JP2011107715A5

JP2011107715A5 -

Info

Publication number: JP2011107715A5
Application number: JP2010278673A
Authority: JP
Filing date: 2010-12-14
Publication date: 2012-08-16
Anticipated expiration: 2026-04-03

Claims

  A system for determining at least one of the start or end of an utterance segment,
  The system
  A computer processing unit configured to access a memory to determine at least one of the start or the end of the utterance segment;
  The memory is
  An audio trigger module executable on the computer processing unit to identify trigger characteristics in an utterance segment of an audio stream;
  A rule module executable on the computer processing unit and in communication with the voice trigger module, the rule module counting a number of separated energy events before the trigger characteristic; Determining that a frame of the audio stream prior to the trigger characteristic is outside the start or end of the speech segment if the number of allowed separation energy events in the audio stream prior to the trigger characteristic is exceeded A rule module including a second rule;
  A system comprising:

The system of claim 1, wherein the trigger characteristic includes a vowel.

The system of claim 1, wherein the trigger characteristic includes an S sound or an X sound.

The system of claim 1, wherein the rule module analyzes a lack of energy in the speech segment of the audio stream before or after the trigger characteristic.

The system of claim 1, wherein the rule module analyzes energy in the speech segment of the audio stream before or after the trigger characteristic.

The system of claim 1, wherein the rule module analyzes an elapsed time in an utterance segment of the audio stream before or after the trigger characteristic.

The system of claim 1, wherein the rule module detects the start and end of the utterance segment.

  A method for determining at least one of the start or end of a speech utterance segment, comprising:
  The method
  Receiving a portion of an audio stream including an utterance segment;
  Identifying a trigger characteristic in the utterance segment;
  Counting the number of separated energy events in the audio stream prior to the trigger characteristic by applying at least one decision rule to the utterance segment of the audio stream;
  Determining that the frame of the audio stream is outside the endpoint of the utterance segment if the number of allowed separation energy events is exceeded;
  Including a method.

The method of claim 8, wherein the trigger characteristic comprises a vowel.

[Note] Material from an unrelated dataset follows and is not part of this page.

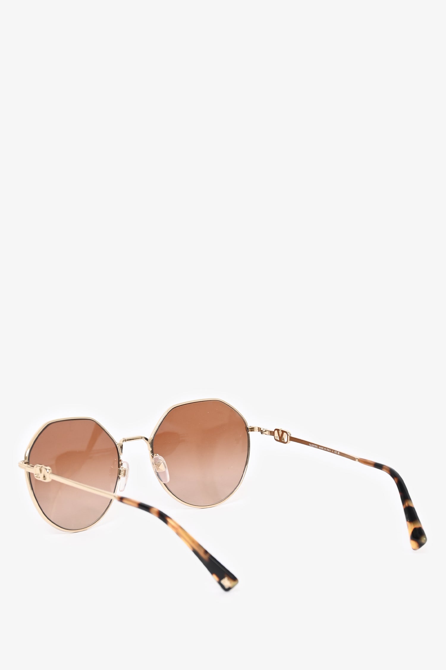 Refresh availabilityValentino Brown Tortoise Shell Octangular Framed Sunglasses. Adjustable nose pads. Gradient lens.

The method of claim 8, wherein the trigger characteristic includes an S sound or an X sound.

9. The method of claim 8, further comprising analyzing a lack of energy in one or more frames before or after the utterance segment of the audio stream that includes the trigger characteristic.

9. The method of claim 8, further comprising analyzing energy in one or more frames before or after the utterance segment of the audio stream that includes the trigger characteristic.

9. The method of claim 8, further comprising analyzing elapsed time in one or more frames before or after the portion of the audio stream that includes the trigger characteristic.

9. The method of claim 8, further comprising detecting the start and end of the speech utterance segment.

  A system for determining at least one of the start or end of an audio utterance segment in an audio stream,
  The system
  Comprising a computer processing unit configured to access a memory to determine at least one of the start or the end of the speech utterance segment in the speech stream;
  The memory is
  An audio trigger module executable on the computer processing unit to identify a portion of the audio stream that includes a periodic audio signal;
  An end pointer module executable on the computer processing unit and in communication with the audio trigger module, wherein the end pointer module is an amount of the audio stream input to the recognition device based on a plurality of rules Wherein the end pointer module applies a rule for counting the number of separated energy events in the audio stream, so that before or after the portion of the audio stream containing the periodic audio signal More than a predetermined number of separations after the portion of the audio stream that includes the periodic audio signal, and is further configured to determine whether one or more portions of the audio stream include audio When it is determined that an energy event has occurred, the last separated energy event An end pointer module that identifies a previous frame as the end of the speech utterance segment and excludes a portion of the speech stream that includes one or more separated energy events from the speech utterance segment input to the recognizer When
  A system comprising:

  A non-transitory computer readable medium storing data representing instructions executable by a programmed processor for determining at least one of the start or end of a speech utterance segment,
  The non-transitory computer readable medium is
  Instructions that act to convert sound waves associated with the speech utterance segment into electrical signals;
  Instructions that act to identify periodic portions of the speech utterance segment by analyzing the electrical signal;
  Instructions that act to identify segregated energy events in the speech utterance segment by analyzing the electrical signal;
  Instructions that act to count the number of individual separated energy events in the speech utterance segment;
  If it is determined that more than a predetermined number of individual separated energy events have occurred after the periodic portion of the voice utterance segment, the end of the voice utterance segment is set, and the predetermined number of separated energy events are determined. Instructions that act to rule out later segregated energy events;
  A non-transitory computer readable medium including:

17. The method of claim 16, further comprising setting a start of the voice utterance segment upon determining that more than a predetermined number of individual segregated energy events have occurred before the periodic portion of the voice utterance segment. A non-transitory computer readable medium.